Innovation is built into us. The hard part is getting over resistance to innovation. We need the new, but we fear it. My father calls it the Moses Principle: in his words, "It takes 40 years in the wilderness for all the old-timers to die off, before the next generation will embrace something new."

Tuesday, September 01, 2015

Who is really at sea, the character or the reader?

kw: book reviews, fiction, novels, animals, shipwrecks, mysticism

A friend gave me a paperback copy of Life of Pi by Yann Martel. This may be the most difficult book to review that I've encountered. It is described by the author in his introduction as a story to "make you believe in God." I would say, for anyone who thinks belief in God is a possible thing, it will make that possibility inevitable, and for anyone who thinks belief in God is either impossible or wrong, it will confirm that impossibility.

Near the end of the Revelation given to John, the last book in the New Testament, the angel's final words to John are:
Do not seal up the words of the prophecy of this scroll, because the time is near. Let the one who does wrong continue to do wrong; let the vile person continue to be vile; let the one who does right continue to do right; and let the holy person continue to be holy. (Rev 22:10b-11, NIV)
Earlier in the vision another angel had said, "There will be no more delay" (10:6), which the King James Version renders, "There will be time no longer." Together these passages show that once the end times truly arrive, it is too late to repent. Of course, the vile and the wrongdoers believe in neither end times nor in repentance.

Young Pi, the nickname for Piscine (French for swimming pool), leaves nothing to chance. Having an open heart and a keen desire to know God, he has accepted and diligently practices Christianity, Islam, and Hinduism. During the major section of the book, which tells the story of his nine months at sea in a lifeboat in the company of a tiger, Pi credits his triple faith for his survival.

The core idea of the story is ambiguity, even irrationality.

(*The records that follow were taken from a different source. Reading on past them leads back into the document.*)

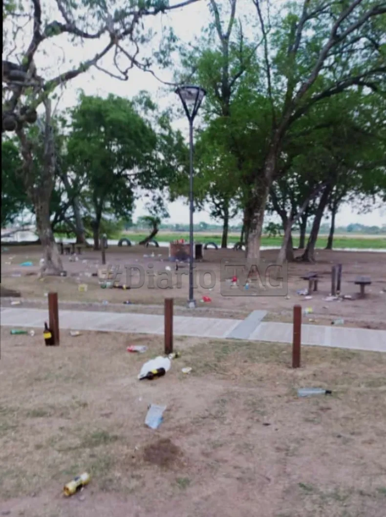 Al día siguiente, la postal fue vergonzosa. No conforme con organizar una fiesta, que en la actualidad puede poner en riesgo la salud pública y viola los decretos provinciales, dejaron la Laguna el Tigre hecha "una mugre". La postal generó repudio en redes sociales, ya que el espacio natural es una zona de recreación y un lugar en el que se trabajó mucho por su recuperación.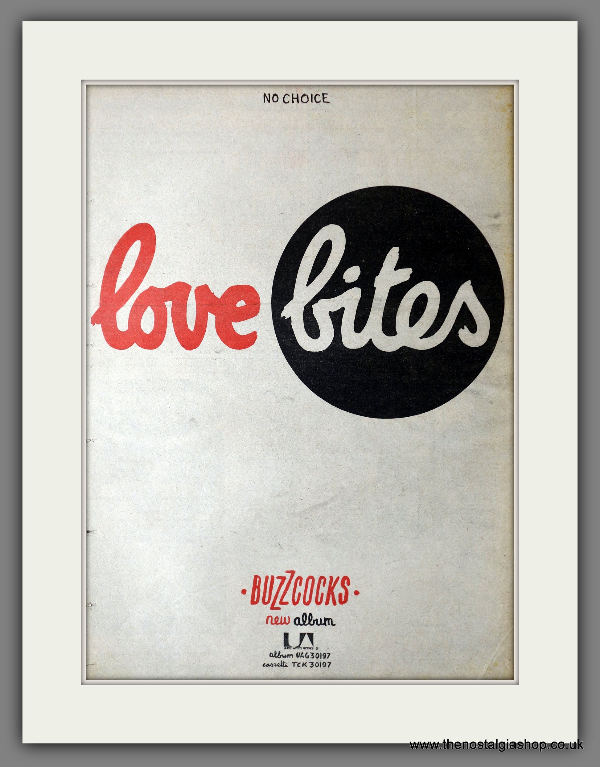 Buzzcocks. Love Bites. Vintage Advert. This is a large classic Original advert 1979. Presented and Supplied in a cream bevel cut mount with backing card and clear bag. Ready to fit in 20 x 16 inch frame. The mounted advert will be posted via courier and well packed - protected with a sheet of hardboard to keep it rigid. Any questions or inquiries, please get in touch, we are here to help! All our adverts, unless clearly stated are Originals from the date shown. They make excellent pieces of wall art and stunning gifts. Many are rare and hard to find and once sold, may not be replaced. Remember you are buying a piece of history.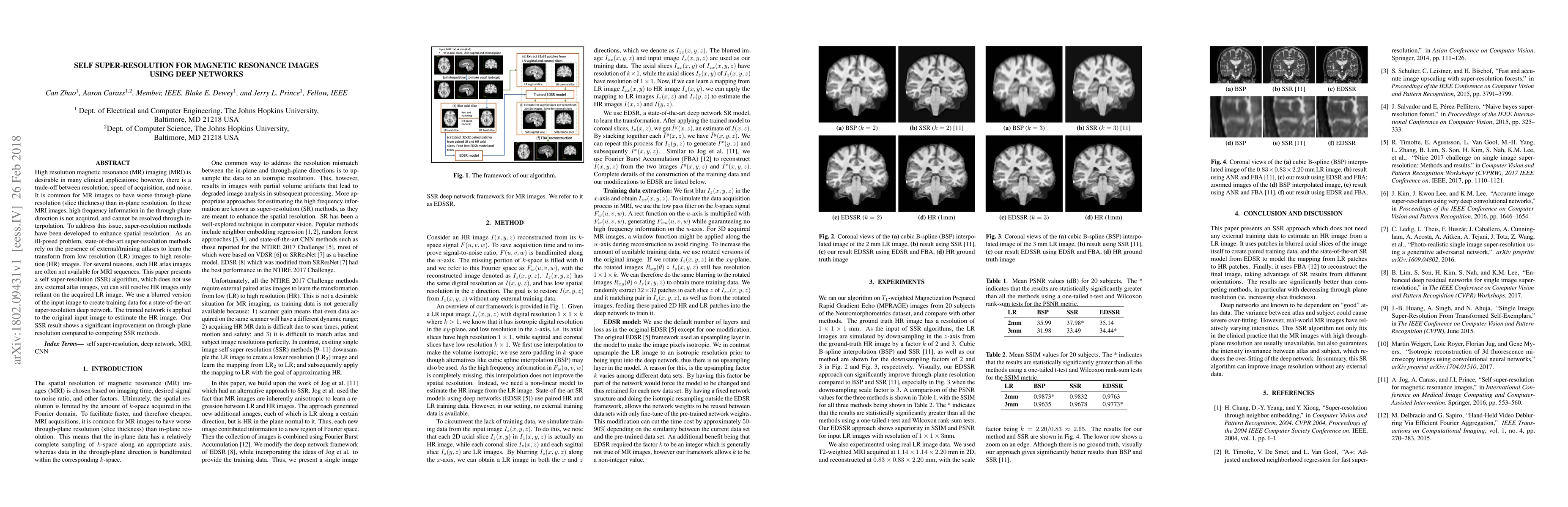 This paper introduces a self super-resolution algorithm for MRI that enhances through-plane resolution without requiring external high-resolution atlas images. It trains a deep network using blurred versions of input low-resolution images to generate high-resolution outputs, achieving significant improvements over existing methods.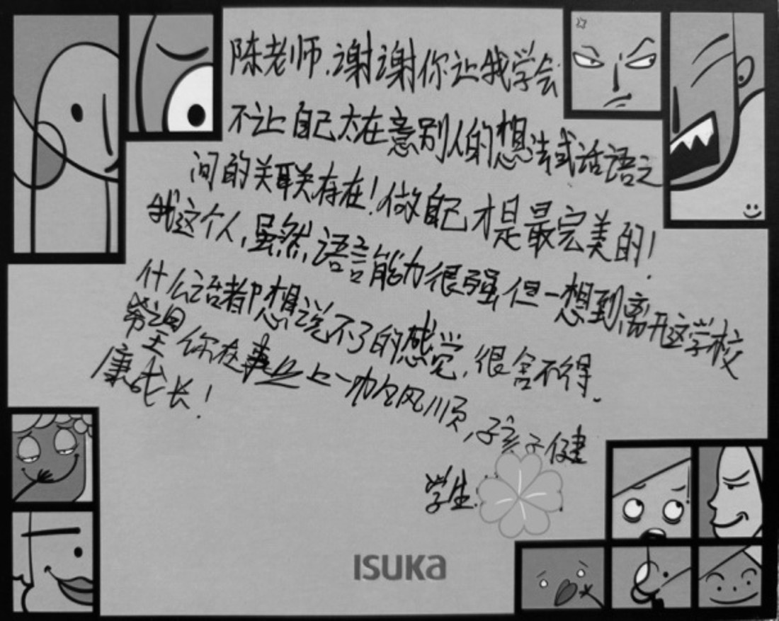 在毕业离校前夕,她送给老师一张贺卡,上面写着:谢谢老师让我学会不要太在意别人的想法……她能有这样的反馈,说明辅导过程中的认知调节工作是有效的,她的认知真的有所改变了。

But "irrational" has two meanings. As a schoolboy, Piscine Molitor Patel, tired of hearing his name mispronounced as "pissing", begins a new school year by insisting that he is to be called Pi, writing on the blackboard of every classroom, "Pi ≈ 3.14". Pi (shown in formulas as π) is the most irrational of the so-called irrational numbers; they are those quantities that cannot be expressed as a ratio of integers. In fact, π is the leading member of a special class of irrational numbers called "transcendental numbers", because they are not the result of any simple operations but themselves form the basis for operations: they are sources, not productions. They transcend algebra.

The first number proven to be irrational is the square root of 2, shown as √2. It is the first member of the other class of irrational numbers, the algebraic numbers. Algebraic and Transcendental: these are the two kinds of irrational numbers. And the other meaning of "irrational"? A sort of synonym, even an evil twin, of "illogical".

The transcendental numbers intrigue me. Though few are known, they seem to outnumber all other kinds of numbers. And so I recall Isaiah 45:15, "You are a God who has been hiding Himself." As metaphors, they are even more fascinating, because "transcendental" is a kind of good-angel twin of "divine". If in reading Life of Pi we believe his story throughout (at least, prior to the second half of Chapter 99), he becomes a kind of god to us. Or, at least, an avatar leading us to God. Mr. Pi Patel becomes transcendental. If, instead, we believe the second half of that chapter, seemingly fabricated on the spot to satisfy overly-rational shipping-disaster investigators, we fall from heaven to earth.

Perhaps this story cannot make absolutely everyone believe in God. But it makes a reader clear that the choice of heaven or hell is ours to make, and we will surely attain our choice.